Choice of PEFT Technique in Continual Learning: Prompt Tuning is Not All You Need

TL;DR

The paper interrogates the widespread use of prompt tuning as a PEFT choice in continual learning with pretrained transformers and demonstrates that LoRA-based PEFT variants consistently outperform prompt-based approaches across domain- and class-incremental benchmarks. It introduces drop-in LoRA-based variants of two prominent CL methods, S-Prompts (S-LoRA) and Learning to Prompt (L2L), and shows substantial accuracy gains with minimal inference overhead. Through comprehensive experiments on diverse datasets (CORe50, DomainNet, Split CIFAR-100, Tiny ImageNet) and careful ablations, the authors argue that prompt tuning is not inherently suited to continual learning and advocate adopting LoRA for practical CL deployments. The work emphasizes the importance of ablations of architectural choices, the potential for improved real-world impact, and the need for broader exploration of PEFT techniques beyond prompt tuning in CL.

Abstract

Recent Continual Learning (CL) methods have combined pretrained Transformers with prompt tuning, a parameter-efficient fine-tuning (PEFT) technique. We argue that the choice of prompt tuning in prior works was an undefended and unablated decision, which has been uncritically adopted by subsequent research, but warrants further research to understand its implications. In this paper, we conduct this research and find that the choice of prompt tuning as a PEFT method hurts the overall performance of the CL system.

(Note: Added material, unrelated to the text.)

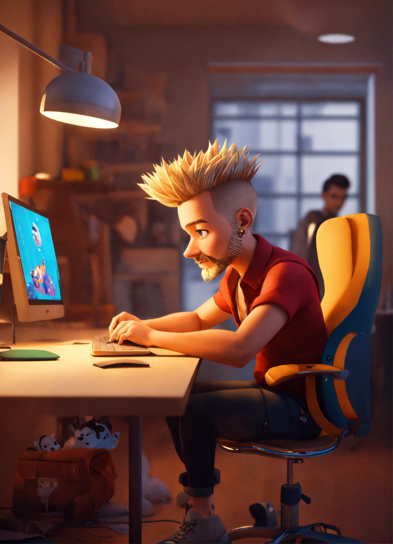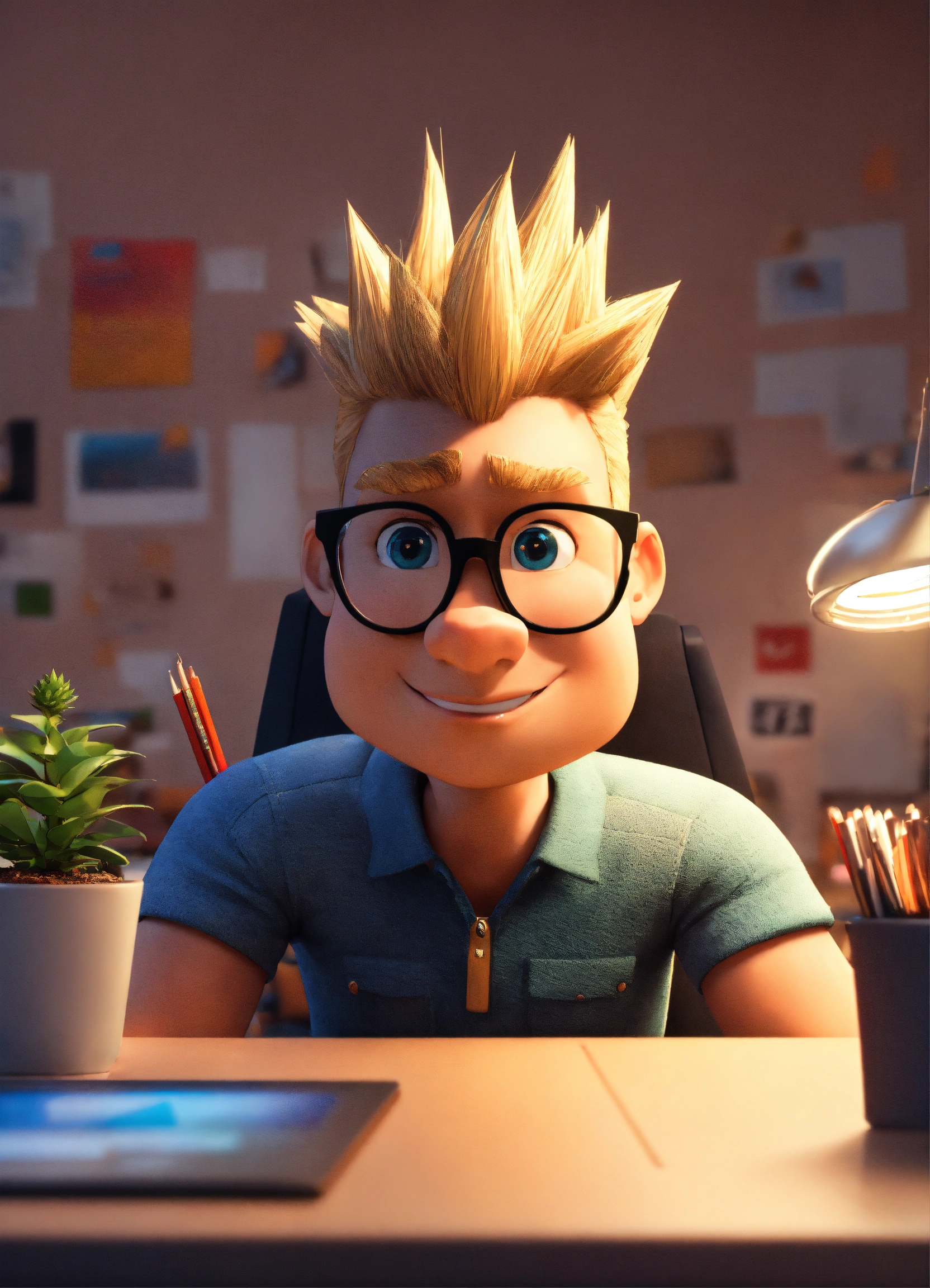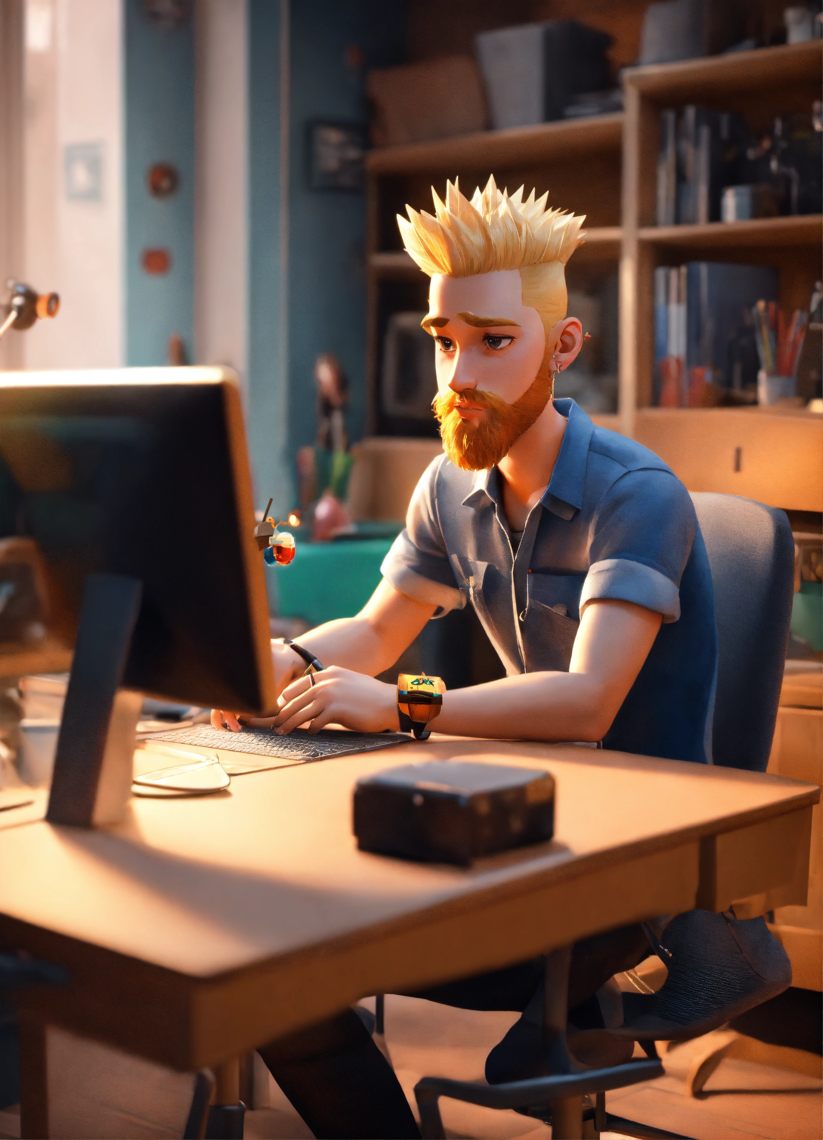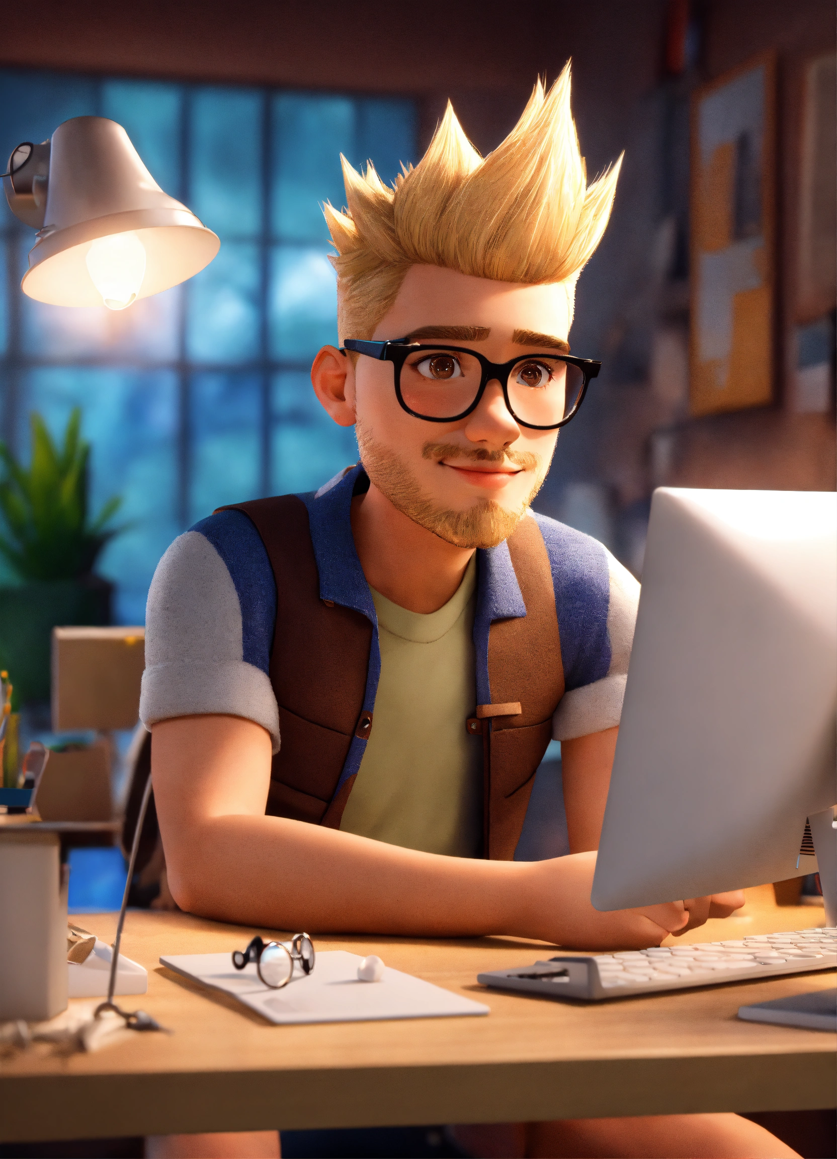 A 3d pixar disney style pôster, with a cute blond man, spiky hair, shaved on the side, thin beard, silver hoop earrings, sitting at the table, computer, the man is a graphic designer, workplace

To illustrate this, we replace prompt tuning with LoRA in two state-of-the-art continual learning methods: Learning to Prompt and S-Prompts. These variants consistently achieve higher accuracy across a wide range of domain-incremental and class-incremental benchmarks, while being competitive in inference speed. Our work highlights a crucial argument: unexamined choices can hinder progress in the field, and rigorous ablations, such as the PEFT method, are required to drive meaningful adoption of CL techniques in real-world applications.

Figures (7)

• Figure 1: Is the choice of prompt tuning justified? We show train and test performance of a ViT-B/16 trained on combined training set of all the datasets on Split CIFAR-100 and DomainNet and show the training loss dynamics on the left and the test performance on the right, for fine-tuning (training all parameters), prompt tuning (training prompt tokens and classifier layer), LoRA (training the low rank adapter and classifier layer). It is evident that prompt tuning converges to a higher loss (left), and performs poorly compared to LoRA (right), while being comparably parameter-efficient. Yet, a host of continual learning literature exists on using prompt tuning based techniques. We study if this design choice is justified.
• Figure 2: Measuring speed as a function of number of trainable parameters for Split CIFAR-100. We see that the prompt-based methods are faster only for a smaller number of trainable parameters.
• Figure 3: Performance of varying hyperparameters for Split CIFAR-100. We see that while increasing the number of trainable parameters does not improve necessarily result in an improved performance. For L2P, increasing the number of trainable parameters improves performance but does not reach the performance that L2L gets for a much fewer number of parameters. For the S-X family, it is apparent increasing number of parameters of S-LoRA is advantageous for performance, whereas S-LoRA performs poorer.
• Figure 4: We report the average accuracy obtained after each update. Ranking of LoRA vs. prompting-based methods does not change.
• Figure 5: S-Prompts (S-Pr) shows no positive change when using the prompts estimated for the first dataset to extract the feature representation (S-Pr++). However, using the LoRA modules of the first dataset (S-Lo++) to extract the features gives a big boost in identifying the right expert model and hence average accuracy.